How much is a square meter of the Tri-Lock pavement?
To calculate the price per square meter, we need to know what purpose the pavement is to serve, what terrain it is going to be installed in and what the load will be. Then we can recommend a suitable thickness, reinforcement or surface treatment. The basic price for Tri-Lock with thickness of 100 mm is CZK 400/m2 without VAT and CZK 630/m2 without VAT for 150 mm. Colouring and reinforcement by Fibrex are charged additionally.
What is Tri-Lock made from?
The pavement is made from high-strength precast concrete and it consists of two parts: the lock and the key. The elements of the system are manufactured in two dimensions and weights for maximum protection of the foundation and for various loads.
What are the advantages of Tri-Lock when compared with other systems?
A regular interlocking pavement is not only more demanding when it comes to the base material, preparation of the bottom layer and duration of the installation, but it also often requires securing the side edges of the pavement with curbs to prevent gaps between the individual pieces. We need to emphasize that such types of pavements are impermeable, without the ability to absorb water after rain. Any slight irregularities of the surface of the pavement creates puddles. When you use Tri-Lock, you don’t need to install curbs along the edges of the pavement and the shape of the pavement prevents the creation of puddles.

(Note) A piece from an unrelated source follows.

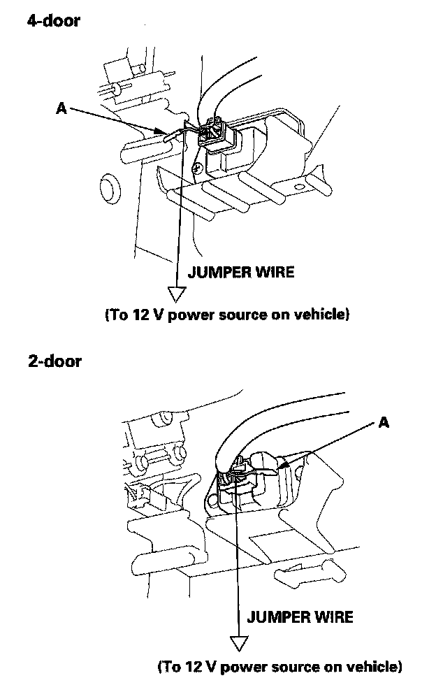 5. Supply 12 V to the No. 1 (4-door) or No. 4 (2-door) cavity of the power transistor connector with a jumper wire.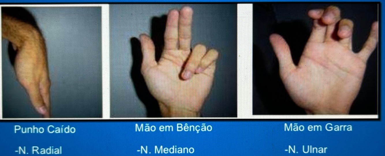 Mediano = benção Radial = mão caída (saturday night palsy) Ulnar = mão em garra Fibular = Pé caído

How is Tri-Lock assembled?
The individual blocks are standardly assembled manually. For roads, the base is prepared in the same way as for an interlocking pavement but curbs are not required to be used with Tri-Lock. The system is easy and it can be installed by untrained workers supervised by a trained employee. The pavement is maintenance-free for its entire service life.
Can I also use Tri-Lock as a porous pavement?
Yes, you can use the pavement to reinforce areas that will be turfed later. The system is suitable for parking lots, temporary roads and park pavements. It is safe for lawnmowers.
What are the main rules for installing outdoor pavement?
The installation of outdoor pavement must follow several important rules. The pavement must have a falling gradient to prevent the formation of puddles and to allow water that is not absorbed to flow away. When the terrain is sloping, you should choose a rougher surface of the pavement for safer walking. Place the pavement on a permeable, properly pointed base layer of fine chippings (5 cm) placed on a rougher gravel layer (10-15 cm). Use dry quartz sand (0-2 cm) to fill in the joints and let it sit for about three weeks to settle before you sweep the pavement.
What is the load capacity of the interlocking pavement?
If you choose an industrial interlocking pavement, the load capacity is really high. The joint concrete pavement is able to withstand the load of freight traffic of up to 40 tonnes.
What terrain is Tri-Lock suitable for?
Tri-Lock is ideal as reinforcement of areas surrounding buildings, water channels and lake dams. It is ideal for sloping or statically or dynamically exposed areas and slopes that are exposed to erosion. It can be used as permanent concrete mesh installed below the surface of the terrain and so on. Flexibility is achieved by bevelling the internal lock of the blocks that allows using the system in an undulated terrain. It can also be wrapped in the plane and twisted into a helix. It can be applied on slopes of up to 60°. It can also be installed under water.